Garry Tan, LOC-maxxing and code abundance
Y Combinator CEO Garry Tan open-sourced gstack, his Claude AI-powered "virtual dev team" highlighting the 10s of thousands of lines of code (LOC) that have been generated. He argues that in the agentic AI era, high LOC output is now a strong signal of speed and productivity, not a flaw. He's been on a full LOC rampage ever since, calling the old "LOC is bad" belief a dying sacred cow because his agents just execute reliably while he directs them.
The LOC debate is mixing together separate questions:
- Are lines of code a useful proxy for intelligence or engineering quality?
- Does code volume and structure matter less if agents are going to write and review most of the code anyway?
- Why is Garry making LOC the talk of the town in the LLM era?
My view is simple: LOC is still the wrong metric.
1. LOC was never a serious proxy for intelligence
Lines of code are easy to count. The problem is that LOC was never the right number to look at. LOC is not a measure of intelligence, it's a measure of volume, and volume is too ambiguous to tell you much on its own.
- More code: can mean stronger tests, better documentation, explicit handling of edge cases, or clearer logic. It can also mean duplication, bad abstractions, unnecessary boilerplate, or generated slop.
- Less code: can mean elegant, functional code. It can also mean dense cleverness that becomes painful to read and understand when you haven't written it.
2. Why LOC is being pushed as a metric
What changed in the LLM era is that people seem to be mapping code volume to token consumption. The implicit assumption follows something like this:
It seems to be used as a close analog to frontier-level thinking. That is where the logic breaks for me. Tokens measure compute spent. Lines of code measure output volume. Neither tells you whether the compute was spent on the right abstraction, the right fix, or the right part of the problem.
3. LOC-maxxing only makes sense if you think slop is basically free
I would like to offer the LOC-maxxing term to this conversation.

The people most tempted by the "LOC narrative" are often the most pro-code-abundance. If you believe models can generate thousands of lines cheaply and agents can curate the mess afterwards, volume starts to feel like intelligence.
That first part I can understand, agents really do make messy codebases less punishing than they used to be. The leap I do not buy is the next one: that cheap generation makes clean code and structure matter less.
4. The cost of bloated codebases is still there
As generation gets cheaper, the burden shifts later in the SDLC. The code shows up faster, but that does not mean it survives curation, review, or production. In an agent-heavy workflow, generated>reviewed>merged>production LOC can diverge massively.
That is where LOC-maxxing breaks down. If you really believe code is abundant, then raw LOC should matter less (not more) as a metric and communicating on LOCs in production doesn't make sense to me as a flex?

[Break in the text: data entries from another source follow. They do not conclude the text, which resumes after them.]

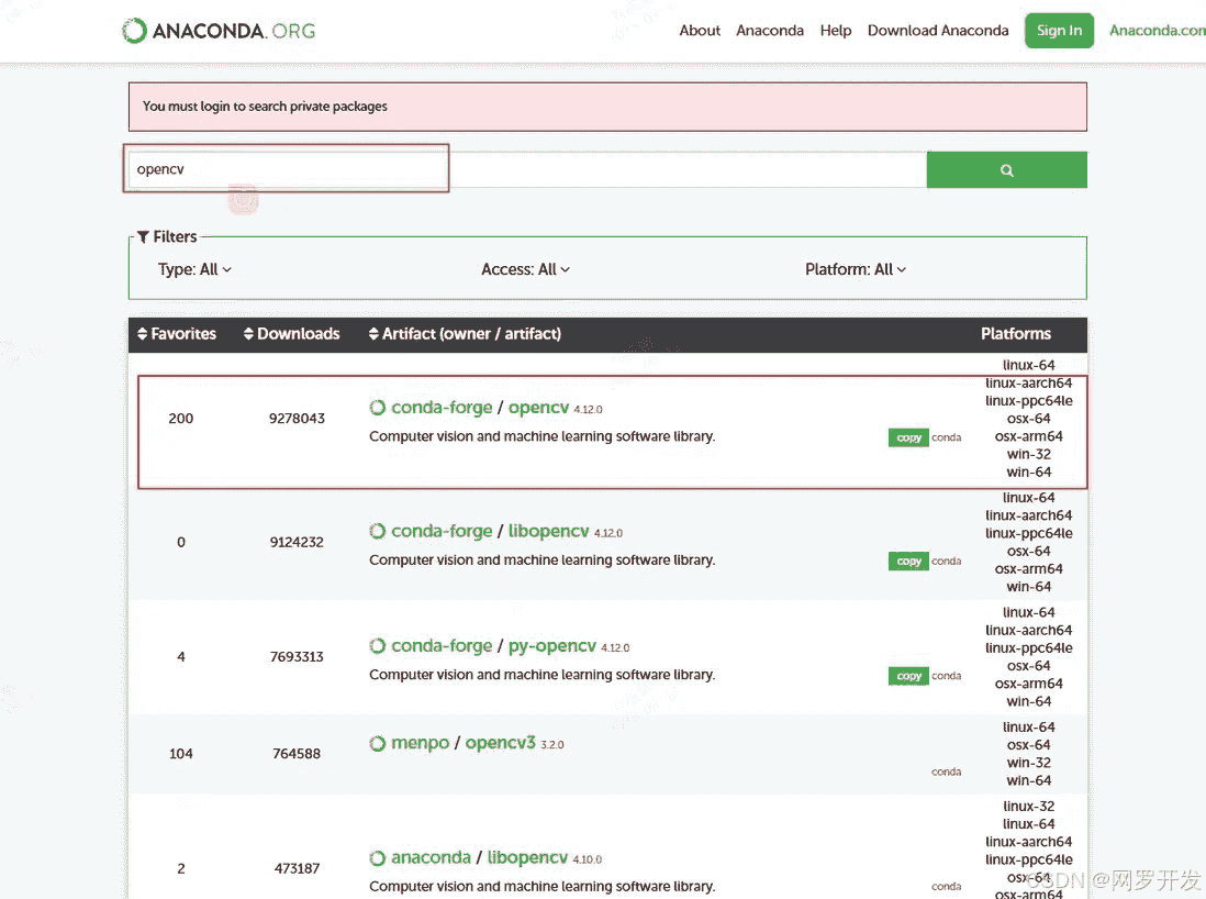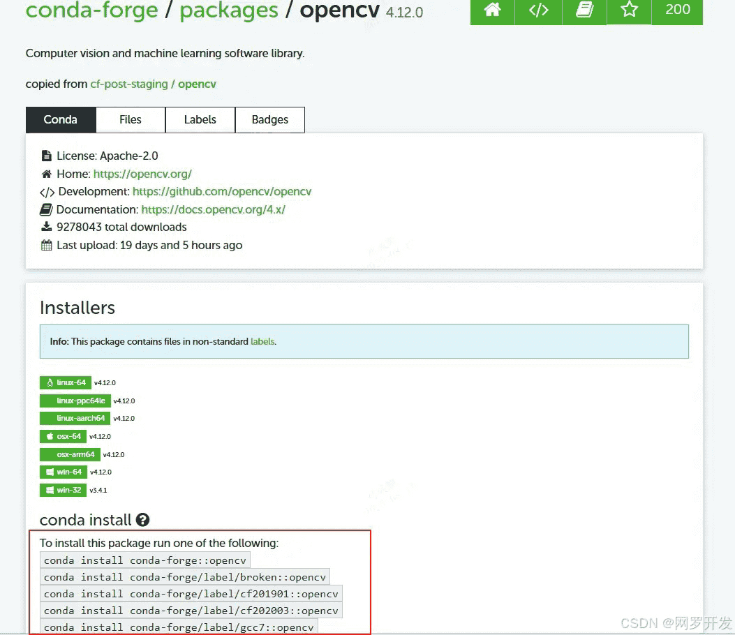 去 conda 的官網(wǎng)搜索你要安裝的包,比如 opencv,然后里面會有 conda 安裝opencv的方式。cv2 是 opencv 安裝后,你使用的時(shí)候的名字,比如 import cv2; print(cv2.version),不是安裝包的名字。
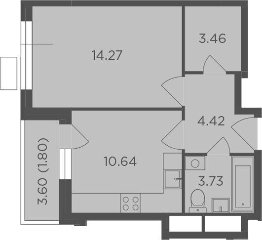 1-комнатная квартира № 248, 36.52 м2 без отделки 5 эт.
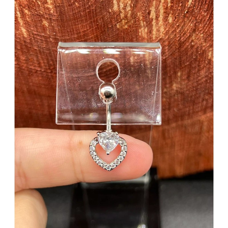 - This 14-gauge double heart belly button ring beautifully combines romance and sparkle. Crafted from durable stainless steel, it features two intertwined heart-shaped designs. Both hearts are adorned with sparkling cubic zirconia stones, which catch and reflect light, adding a dazzling effect. The stainless steel ensures long-lasting wear and a comfortable fit, making this piece both elegant and practical. Perfect for those who love classic, romantic jewelry, this belly button ring adds a touch of sophisticated charm to your body piercing.
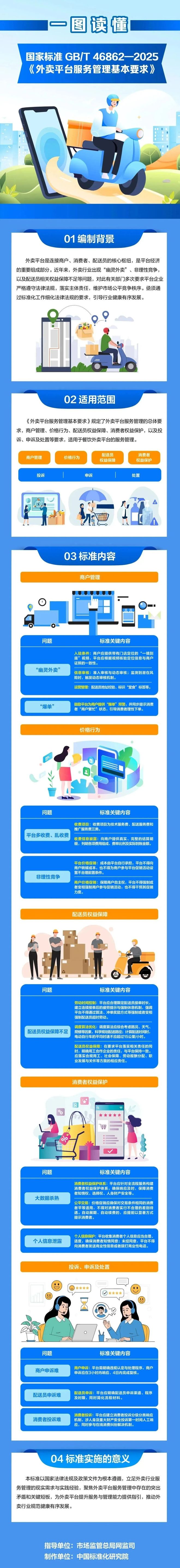 外卖推荐性国家标准发布实施 市场监管总局近日发布实施外卖平台推荐性国家标准《外卖服务管理基本要求》。该标准旨在有效帮助外卖平台优化管理流程、提升服务质量,实现各方共赢,进一步推动外卖行业的创新发展和良性竞争。该标准立足行业实际,针对外卖行业突出问题。聚焦平台内商户管理,引导外卖平台切实履行食品安全主体责任,保障消费者舌尖安全”;聚焦收费平台和促销行为,引导外卖平台简化收费规范促销行为,营造公平有序的市场竞争环境;重点抓好平台打工管理,加强配送人员劳动工资、工作时间、社会安全等权益保障。外卖“新国标”有哪些新变化?一张图看懂↓isan 图源:新华社
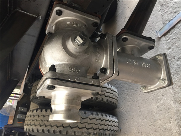 福田灑水車目前采用東風,解放系列取力器,氣動操作,操作開關向后拉,取力齒進入嚙位置,通過傳動軸帶動水泵工作,開關向前回位,水泵即停止工作。
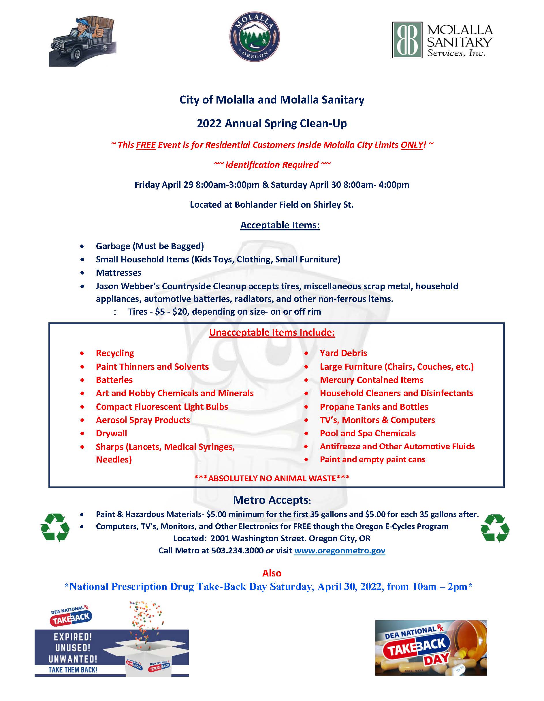 Its time for the City of Molalla and Molalla Sanitary's 2022 Annual Spring Clean-Up event.
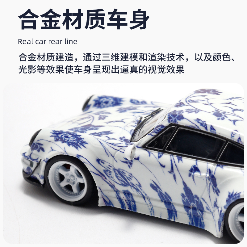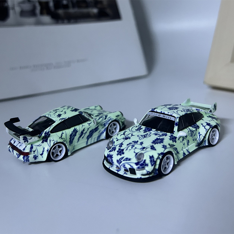 保时捷 RWB 993 限量仿真汽车模型 964 夜光版 Flame 青花瓷
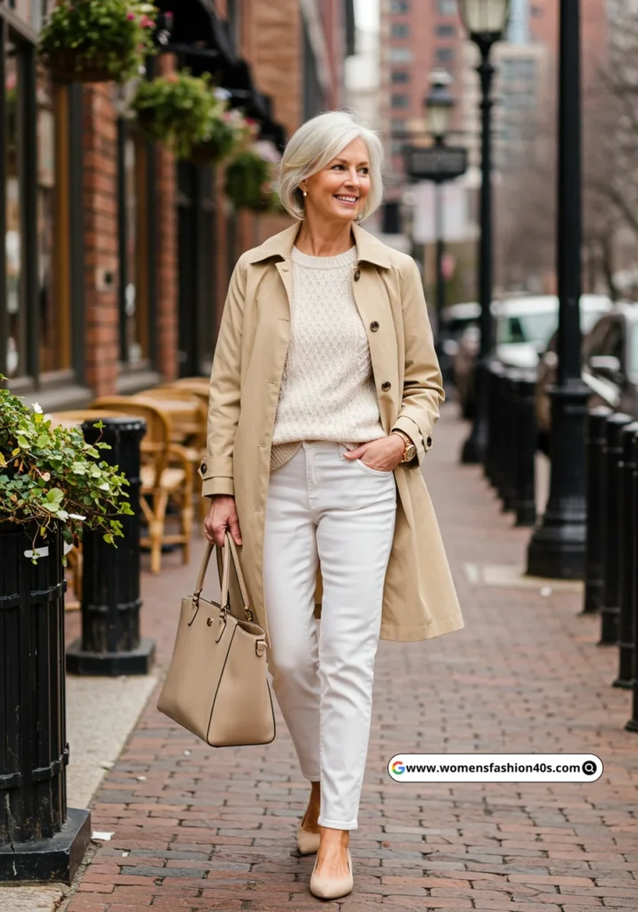 Outfit: Soft Beige Raincoat + Cream Knit Sweater + White Straight-Leg Pants + Nude Flats + Beige Tote
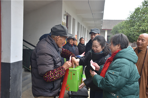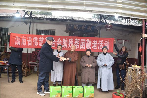 下午,在佛慈基金会秘书长周仲山的带领下,基金会工作人员继续前往湘阴县巡山寺,慰问了居住在该寺的5位年迈的僧尼师父,并奉送上慰问金5000元。
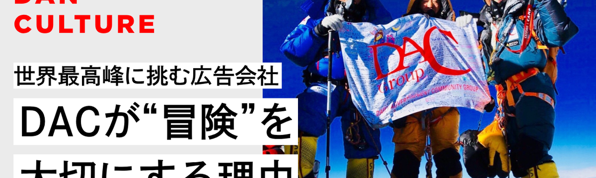 イベント&カルチャー about 1 month ago Follow 徳永 智子 世界最高峰に挑む広告会社──DACが“冒険”を大切にする理由 こんにちは!デイリースポーツ案内広告社の上山です。今回は、DACグループのちょっと変わったプロジェクト「DACセブンサミッツ」と、そこに込められた想いについてご紹介します。突然ですが、皆さんは「... Read more
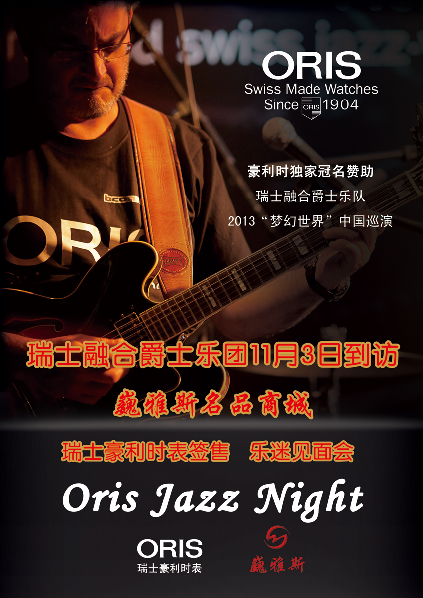 本次巡演活動(dòng),是繼2012年融合樂(lè)團(tuán)來(lái)訪巍雅斯名表眼鏡行后,瑞士融合爵士樂(lè)團(tuán)與瑞士豪利時(shí)表再度來(lái)到蘭州,攜手巍雅斯名表眼鏡有限公司,展開簽售、歌迷見面等一系列活動(dòng)。瑞士豪利時(shí)手表和融合樂(lè)團(tuán)選擇巍雅斯名品商城的主要原因,在于巍雅斯對(duì)完美堅(jiān)持不懈的追求,這一點(diǎn)與融合爵士樂(lè)團(tuán)一直以來(lái)對(duì)藝術(shù)的堅(jiān)持不懈非常吻合。巍雅斯37年來(lái)始終堅(jiān)持以信譽(yù)為根本,真心誠(chéng)意的為廣大消費(fèi)者著想,才讓巍雅斯以其強(qiáng)大的品牌號(hào)召力,吸引了260多家國(guó)際知名手表、眼鏡和六福黃金珠寶品牌的青睞。發(fā)展成為我國(guó)較大的、較具特色的鐘表、眼鏡、黃金珠寶經(jīng)營(yíng)公司之一。

This is the part I would genuinely want Garry's view on. How much confidence does he actually have in those lines of code? His "email triple-send fix" is an example that I'd imagine a code review process would flag?

Good structure will not prevent every bug, but it does make it much easier to fix the root cause instead of layering patches onto "broken code". Agents do better when the codebase has enough structure that a change doesn't ripple into five places you didn't expect. You can generate diffs all day sure but you're mostly creating more things to doubt if you don't know what's in there.
Even if I force myself into the most AGI-pilled version of this argument, I still do not see why LOC would become the metric. The strongest version of the claim is not that more lines means more intelligence. It is that each token is being allocated in the most intelligent possible way. And even then, if that is true, then the output could just as easily be shorter and cleaner or it could involve generating many alternatives and keeping only a small retained subset in production.
Either way, the thing being optimized is not lines of code. It is usefulness per token so even in the best possible agentic future, LOC is still a bad shortcut.
The real question is whether the model spent its tokens on the right abstraction, the right fix, and the right amount of exploration.
TLDR
- LOC is not a clean measure of intelligence.
- In the LLM era, it gets even more misleading because people map output volume onto token spend, and token spend onto intelligence.
- In an agentic workflow, a lot of code is just intermediate output that is generated then discarded before it ever becomes trusted change. That means higher LOC often reflects search and exploration, not better engineering.
- Agents do make code easier to generate, navigate, and modify. They do not (yet) make it cheap to trust, and they do not make messy systems healthy when you do not understand your codebase in the first place.